## Task details
Leave out the pictures and set down the rest of the listing below word for word.

## Data section
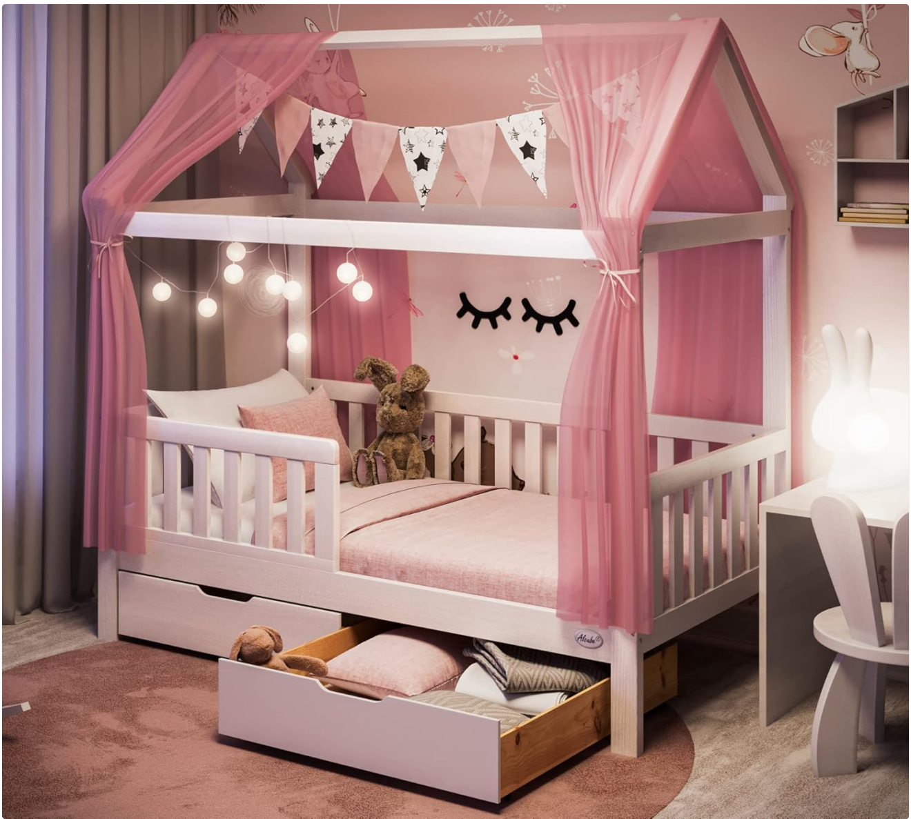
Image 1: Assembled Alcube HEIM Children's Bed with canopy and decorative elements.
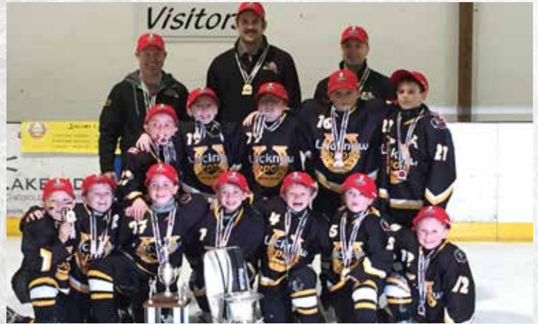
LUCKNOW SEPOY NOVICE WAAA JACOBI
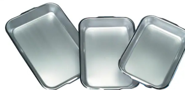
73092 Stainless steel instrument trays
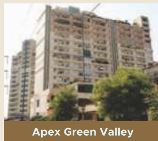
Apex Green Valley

## Answer area
Image 1: Assembled Alcube HEIM Children's Bed with canopy and decorative elements.
LUCKNOW SEPOY NOVICE WAAA JACOBI
73092 Stainless steel instrument trays
Apex Green Valley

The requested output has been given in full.